## Task prompt
Copy out the lines beginning with the one that contains "Dockerfile의 위치는 hangman_web에 위치시킵니다." and ending with the last line below, exactly as they stand. Pictures are not copied.

Material for this exercise Start Marker

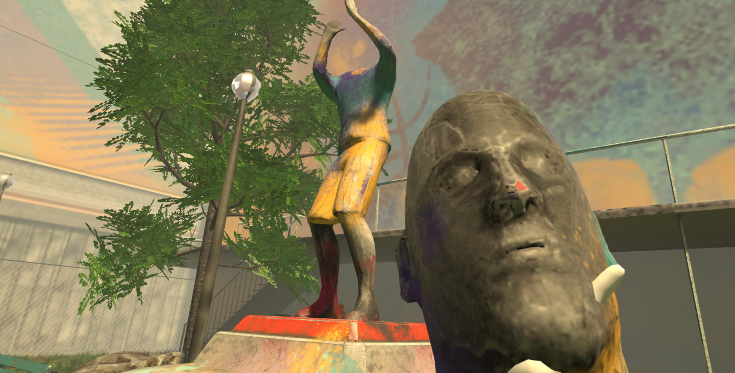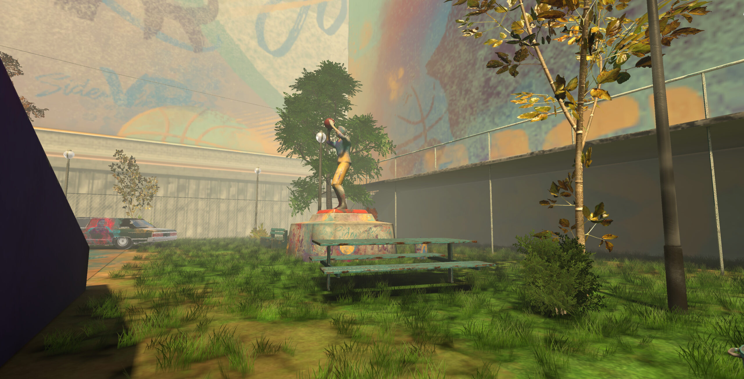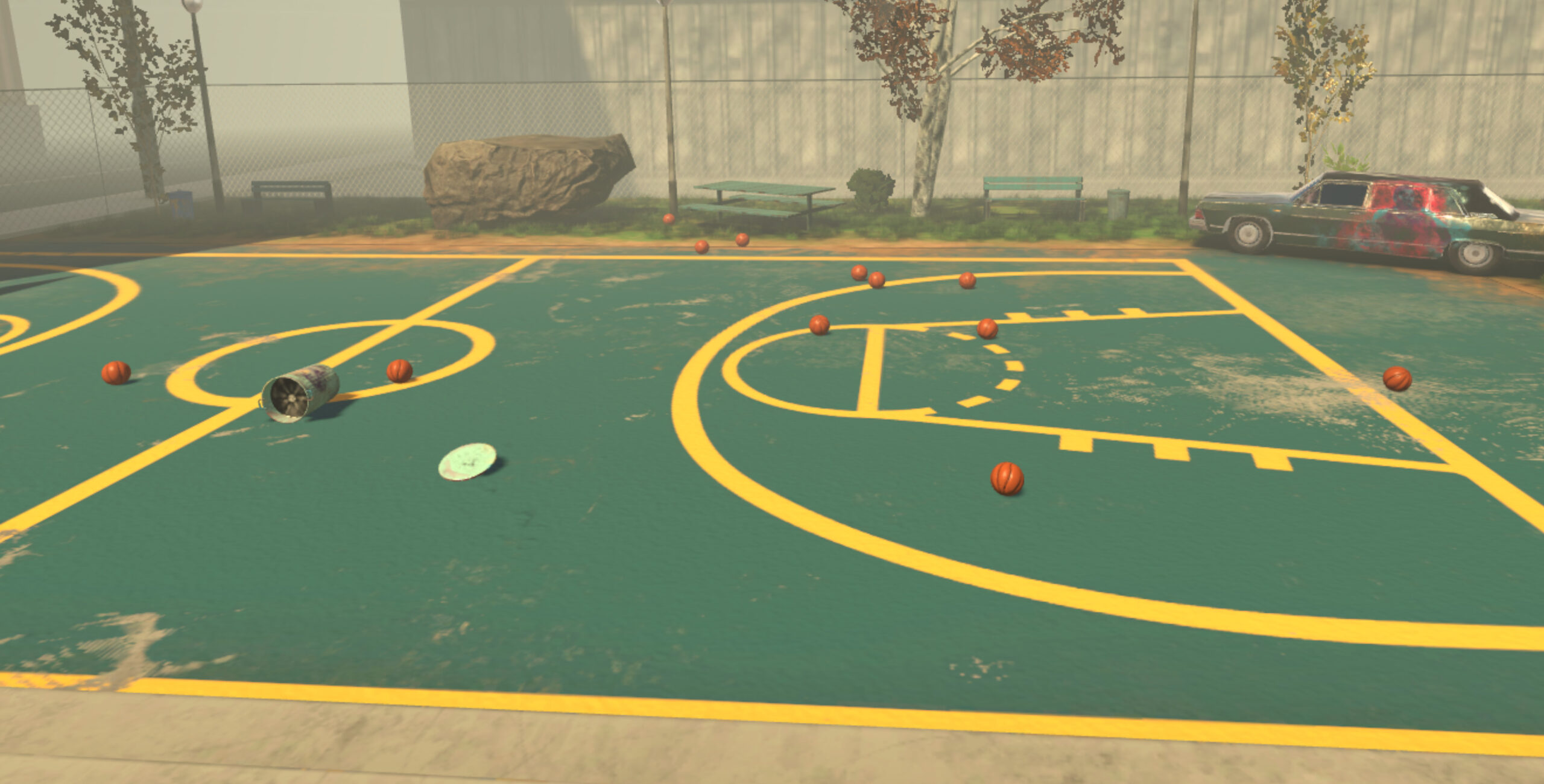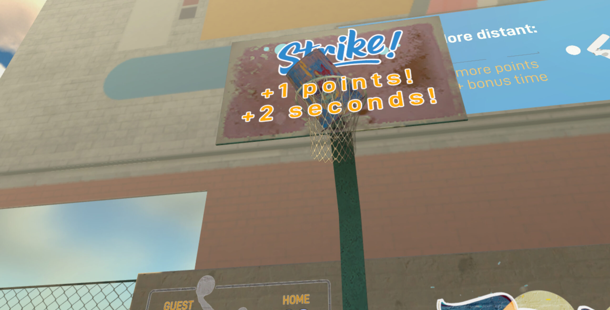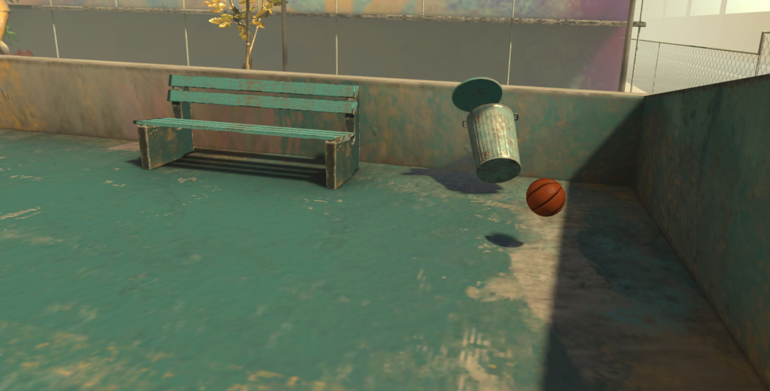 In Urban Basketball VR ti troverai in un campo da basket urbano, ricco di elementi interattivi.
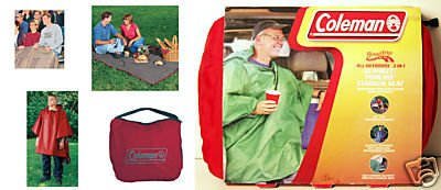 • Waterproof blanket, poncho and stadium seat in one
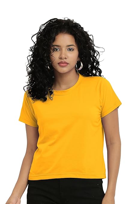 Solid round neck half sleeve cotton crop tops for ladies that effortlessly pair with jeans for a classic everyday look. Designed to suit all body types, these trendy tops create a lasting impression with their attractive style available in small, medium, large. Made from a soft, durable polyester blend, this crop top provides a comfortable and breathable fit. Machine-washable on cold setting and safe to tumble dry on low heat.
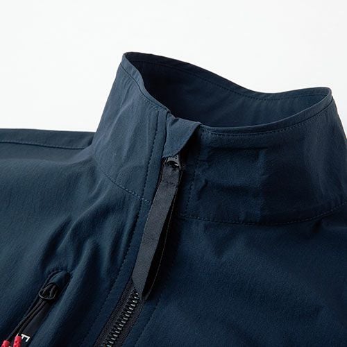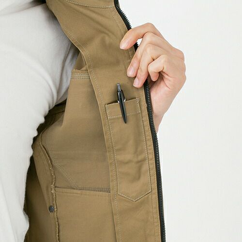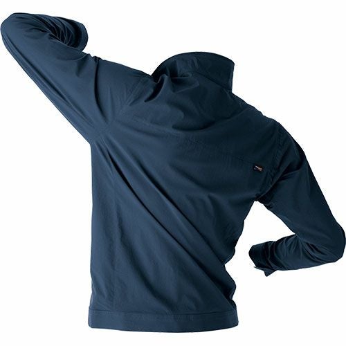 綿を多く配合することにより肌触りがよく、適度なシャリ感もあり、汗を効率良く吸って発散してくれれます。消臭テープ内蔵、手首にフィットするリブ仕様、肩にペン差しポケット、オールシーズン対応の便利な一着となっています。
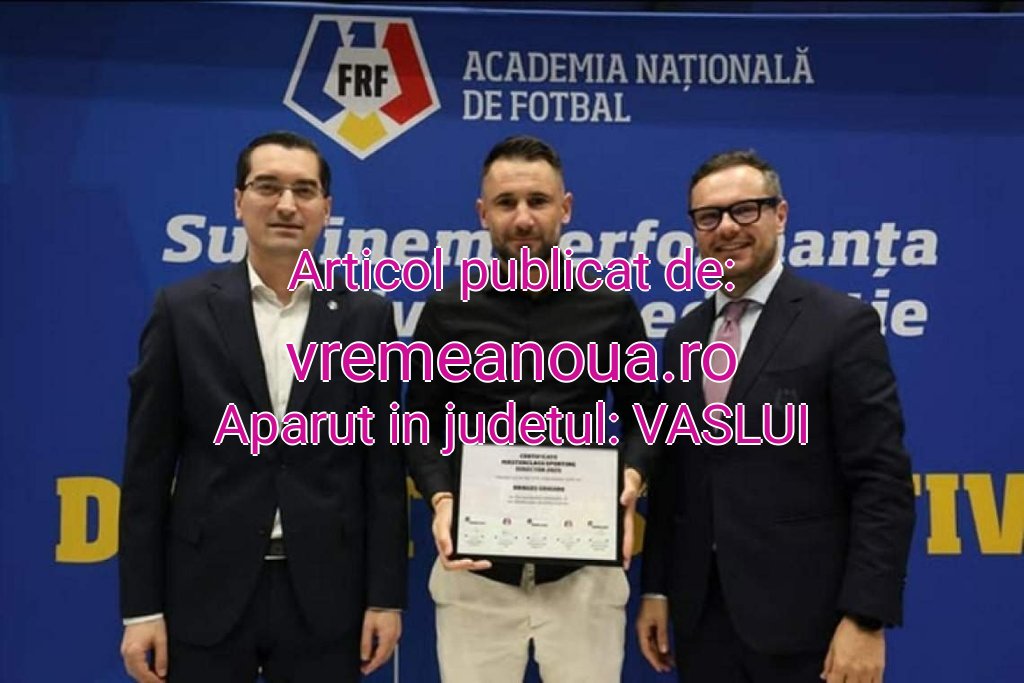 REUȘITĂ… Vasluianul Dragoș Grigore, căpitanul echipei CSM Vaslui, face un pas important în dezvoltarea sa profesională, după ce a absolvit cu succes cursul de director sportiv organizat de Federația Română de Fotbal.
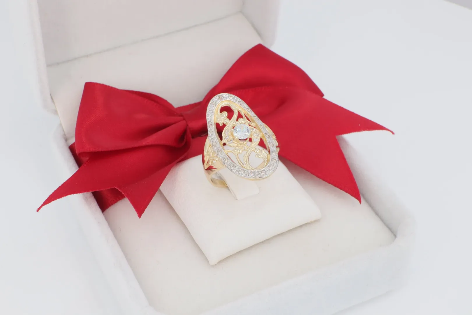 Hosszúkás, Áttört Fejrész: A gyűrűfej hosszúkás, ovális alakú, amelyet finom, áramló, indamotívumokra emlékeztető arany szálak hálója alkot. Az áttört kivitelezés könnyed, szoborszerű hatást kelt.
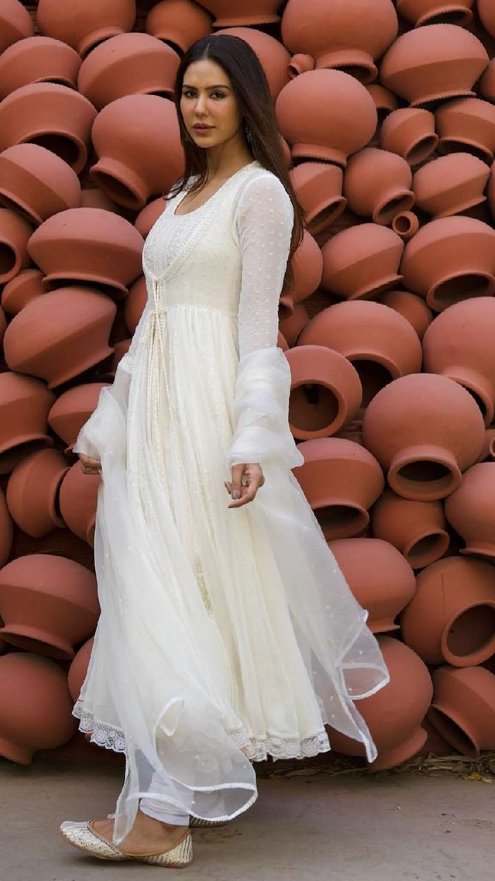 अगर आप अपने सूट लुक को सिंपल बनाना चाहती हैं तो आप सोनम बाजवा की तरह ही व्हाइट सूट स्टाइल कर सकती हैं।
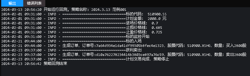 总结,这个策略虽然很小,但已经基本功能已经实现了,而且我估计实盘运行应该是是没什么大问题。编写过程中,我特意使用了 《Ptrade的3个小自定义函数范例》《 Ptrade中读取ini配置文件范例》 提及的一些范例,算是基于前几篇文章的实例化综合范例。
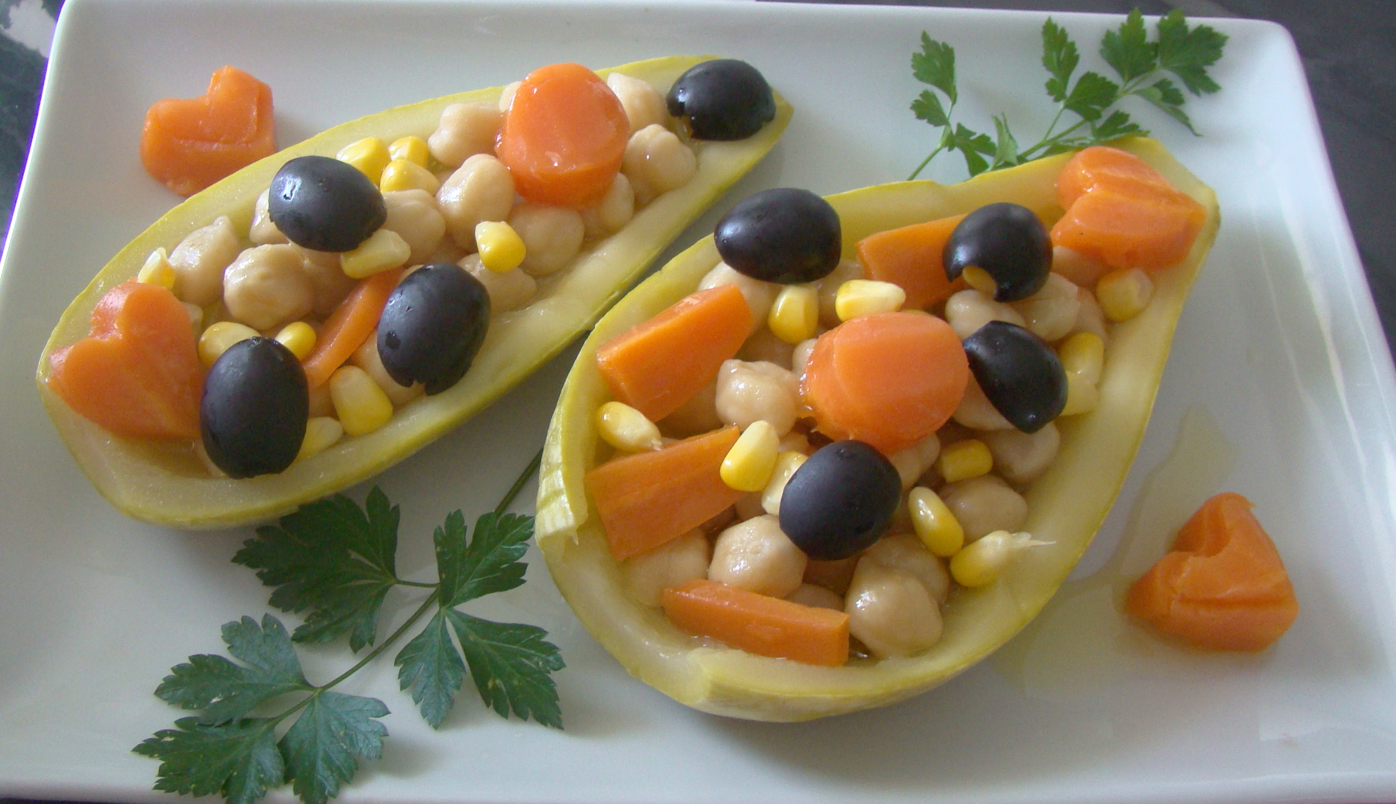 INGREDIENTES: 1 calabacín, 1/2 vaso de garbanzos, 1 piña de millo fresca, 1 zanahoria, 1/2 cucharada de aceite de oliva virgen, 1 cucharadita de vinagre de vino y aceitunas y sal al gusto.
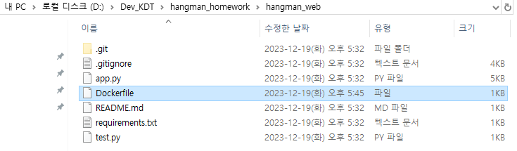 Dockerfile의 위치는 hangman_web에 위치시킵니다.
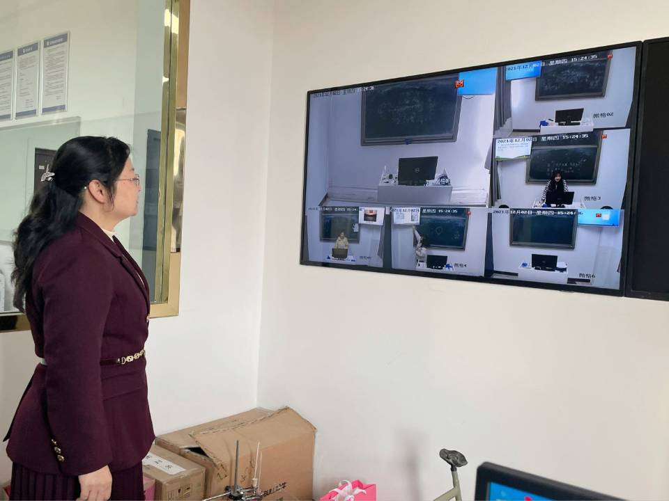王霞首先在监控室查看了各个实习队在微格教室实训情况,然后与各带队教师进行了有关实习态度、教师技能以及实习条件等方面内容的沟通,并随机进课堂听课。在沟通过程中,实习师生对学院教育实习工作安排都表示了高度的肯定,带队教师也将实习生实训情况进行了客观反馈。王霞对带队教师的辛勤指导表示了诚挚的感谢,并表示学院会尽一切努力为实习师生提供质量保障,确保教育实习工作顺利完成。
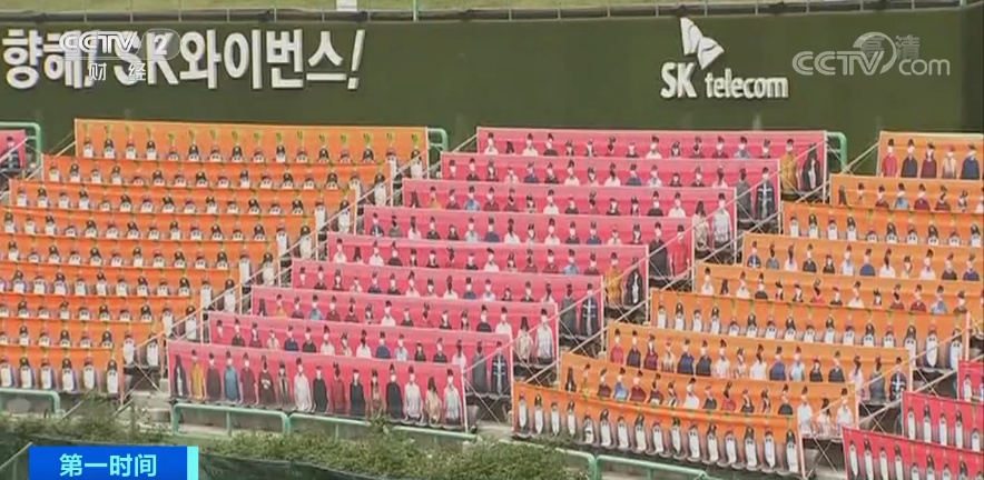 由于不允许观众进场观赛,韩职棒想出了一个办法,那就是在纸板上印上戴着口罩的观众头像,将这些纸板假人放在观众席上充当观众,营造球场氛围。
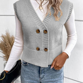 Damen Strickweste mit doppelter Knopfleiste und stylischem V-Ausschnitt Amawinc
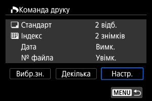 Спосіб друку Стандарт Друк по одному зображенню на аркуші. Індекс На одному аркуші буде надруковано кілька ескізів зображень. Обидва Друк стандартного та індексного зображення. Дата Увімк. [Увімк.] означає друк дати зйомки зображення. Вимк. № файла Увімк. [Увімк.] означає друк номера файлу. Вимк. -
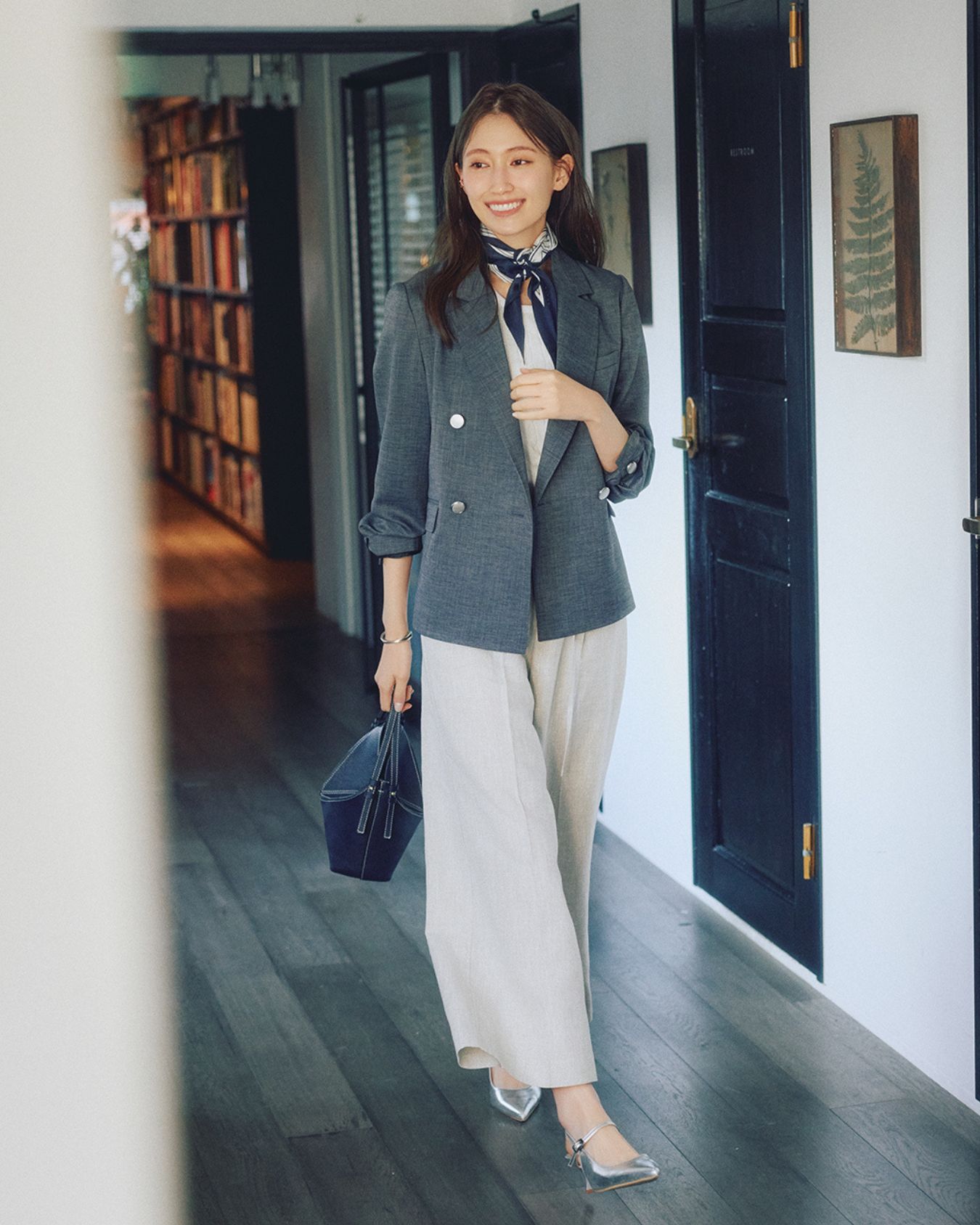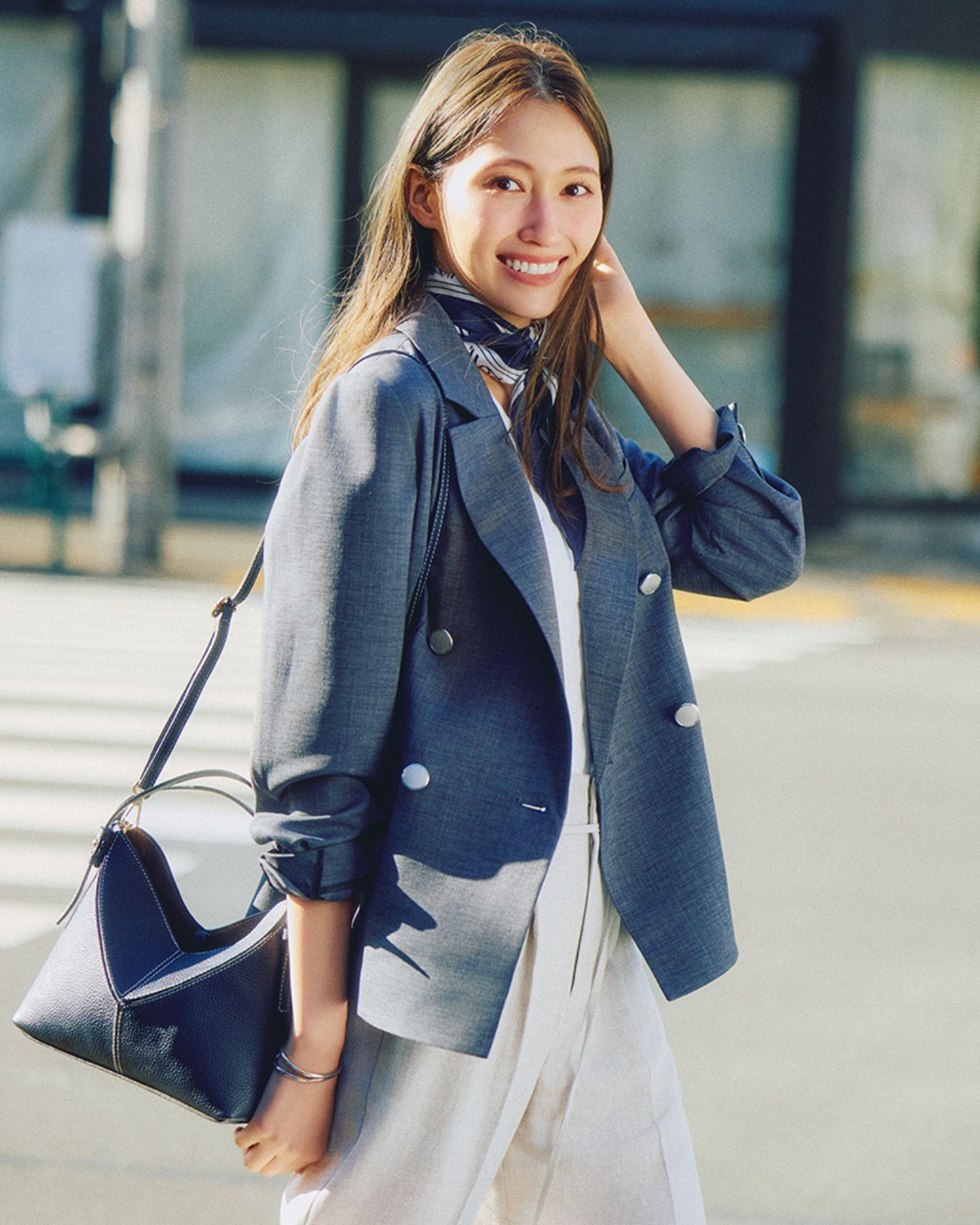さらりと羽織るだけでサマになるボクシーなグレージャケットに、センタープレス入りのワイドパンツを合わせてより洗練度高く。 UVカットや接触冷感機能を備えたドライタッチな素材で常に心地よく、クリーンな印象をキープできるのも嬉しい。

Material for this exercise End Marker

## Exercise result
 Dockerfile의 위치는 hangman_web에 위치시킵니다.
王霞首先在监控室查看了各个实习队在微格教室实训情况,然后与各带队教师进行了有关实习态度、教师技能以及实习条件等方面内容的沟通,并随机进课堂听课。在沟通过程中,实习师生对学院教育实习工作安排都表示了高度的肯定,带队教师也将实习生实训情况进行了客观反馈。王霞对带队教师的辛勤指导表示了诚挚的感谢,并表示学院会尽一切努力为实习师生提供质量保障,确保教育实习工作顺利完成。
 由于不允许观众进场观赛,韩职棒想出了一个办法,那就是在纸板上印上戴着口罩的观众头像,将这些纸板假人放在观众席上充当观众,营造球场氛围。
 Damen Strickweste mit doppelter Knopfleiste und stylischem V-Ausschnitt Amawinc
 Спосіб друку Стандарт Друк по одному зображенню на аркуші. Індекс На одному аркуші буде надруковано кілька ескізів зображень. Обидва Друк стандартного та індексного зображення. Дата Увімк. [Увімк.] означає друк дати зйомки зображення. Вимк. № файла Увімк. [Увімк.] означає друк номера файлу. Вимк. -
さらりと羽織るだけでサマになるボクシーなグレージャケットに、センタープレス入りのワイドパンツを合わせてより洗練度高く。 UVカットや接触冷感機能を備えたドライタッチな素材で常に心地よく、クリーンな印象をキープできるのも嬉しい。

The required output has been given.